I know there are lot of question, but I can't separate them because they are related to each other I think. TO BE CRYSTAL CLEAR: I'm just trying to understand the generated ASM here. I'm not a professional in this area.

Note

  • In case you're wondering what GCC (O2) generates, here is the result:
int32_t
f(int32_t *a) {
        __m256i ymm0;
        __m256i ymm1;
        __m256i ymm2;
        __m256i ymm3;

        ymm0 = _mm256_load_si256((__m256i*)(a + 0));
        ymm1 = _mm256_load_si256((__m256i*)(a + 8));
        ymm2 = _mm256_load_si256((__m256i*)(a + 16));
        ymm3 = _mm256_load_si256((__m256i*)(a + 24));
           
        ymm0 = _mm256_add_epi32(ymm0, ymm1);
        ymm2 = _mm256_add_epi32(ymm2, ymm3);

        ymm0 = _mm256_add_epi32(ymm0, ymm2);

        int32_t t[8];
        _mm256_store_si256((__m256i*)t, ymm0);

        int32_t r;
        r = 0;
        for (int i = 0; i < 8; ++i)
                r += t[i];

        return r;
}

And the generated ASM:

f:
  push rbp
  xor r8d, r8d
  mov rbp, rsp
  and rsp, -32
  lea rax, [rsp-32]
  mov rdx, rsp
  vmovdqa ymm1, YMMWORD PTR [rdi+96]
  vpaddd ymm0, ymm1, YMMWORD PTR [rdi+64]
  vpaddd ymm0, ymm0, YMMWORD PTR [rdi+32]
  vpaddd ymm0, ymm0, YMMWORD PTR [rdi]
  vmovdqa YMMWORD PTR [rsp-32], ymm0
.L2:
  add r8d, DWORD PTR [rax]
  add rax, 4
  cmp rax, rdx
  jne .L2
  mov eax, r8d
  vzeroupper
  leave
  ret

I think It optimized (maybe heavily) my code here, but whatever.


Solution

  • vzeroupper can help performance.

    The L0007 thru L0018 lines are zeroing out the storage space used by the local variables.

    The 0x7d847bd1f9ce value appears to be related to detecting stack overruns. It sets in a check value, and when the function is done it looks to see if that value has changed. If it has it calls a diagnostic function.

    The function body starts at L002c.
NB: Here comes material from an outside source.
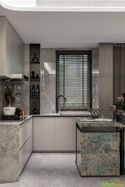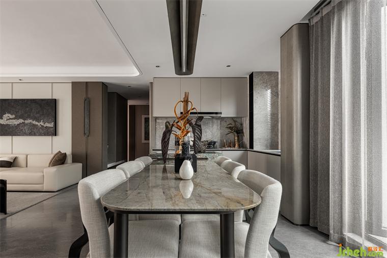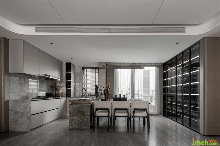 島臺餐桌一體式設(shè)計,操作便利。餐廳背后的酒柜把生活場景相互融入廚房的濃濃煙火氣里。在客餐廚之間自由切換,一步到位解鎖多個場景。樣板房設(shè)計三餐四季,人間煙火,見證了用餐時家人的歡聲笑語,也記錄下生活最真實的模樣。

First it initializes your local ymm variables, then does the additions.

    The lea at L004b is the allocation of t. The next instruction (L004f) is the Avx2.Store(t, ymm0); statement.

    L0053 thru L0063 is the for loop. rax already has the value of t, ecx holds i, and edx holds r.

    From L0065 to the end we have the return statement and function epilog. The epilog checks to see if the stack has been clobbered, does some cleanup, and returns to the caller.